Automated Filter Removed Parliament Member's Article Warning About Censorship By Automated Filters
from the i'm-sorry-dave,-i'm-afraid-i-can't-allow-that dept
Last week, Tim Cushing had a post about yet another out of control automated DMCA notifier, sending a ton of bogus notices to Google (most of which Google removed from its search engine index, since the sender, "Topple Track" from Symphonic Distribution was a part of Google's "Trusted Copyright Program," giving those notices more weight). The post listed many of the perfectly legitimate content that got removed from Google's index because of that rogue automated filter, including an EFF page about a lawsuit, the official (authorized) pages of Beyonce and Bruno Mars, and a blog post about a lawsuit by Professor Eric Goldman.

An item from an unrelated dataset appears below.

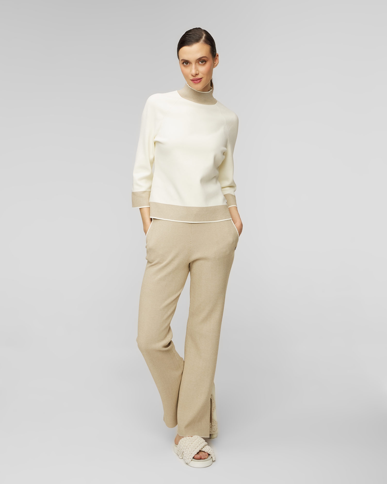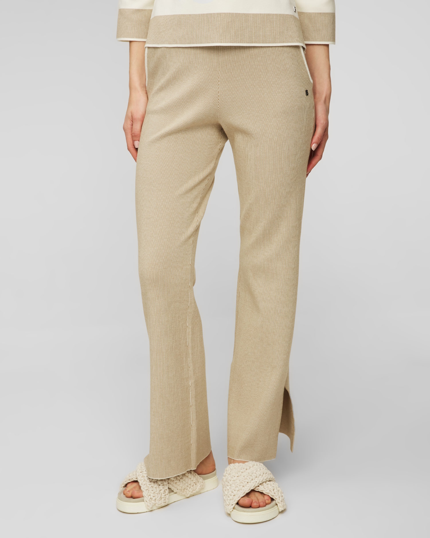 Dámské pletené kalhoty BOGNER Manon se vyznačují vysokým komfortem. Volná silueta kalhot, rozparky na nohavicích a elegantní kontrastní detaily. Měkká viskózová tkanina zajišťuje pohodlí při nošení a elastická stahovací šňůrka v pase zajišťuje správné padnutí postavě.

But, seeing as we're getting towards September when the EU Parliament will again be voting on the big Copyright Directive proposal there, including Article 13, which will require mandatory filters or other automated tools for preventing copyright infringement, I thought it was important to do a separate post calling out one of the other pages taken down by Symphonic Distribution's out of control Topple Track. And that was that it got Google to de-index an article by Julia Reda, a member of the EU Parliament who has been leading the charge against the problematic provisions in the Copyright Directive proposal.
Specifically -- and it would be hard to make this up if we tried -- Topple Track's automated filter got Google to de-index this blog post by Reda, in which she details the problems in Article 13 and how it will create mandatory censorship machines, that would likely lead to massive internet censorship of perfectly legitimate content.

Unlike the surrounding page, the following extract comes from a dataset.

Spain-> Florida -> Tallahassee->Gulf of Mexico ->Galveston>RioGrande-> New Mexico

Let's repeat that so it can sink in. An automated filter helped take down an article by a Member of the EU Parliament, explaining how a (still being debated) proposal would create automated filtering systems that would take down all sorts of legitimate content.
This feels like the sort of thing that should end all debate about just how damaging Article 13 might be (though, of course, it won't). When you force more mandatory filters onto the internet, these kinds of problems will only increase. Tons and tons of legitimate and perfectly legal content will get blocked. Last month, we posted a useful demonstration of just how much legitimate content would get censored under such a plan, but we never imagined that a perfect example would present itself just weeks later showing just how bad an idea Article 13 is.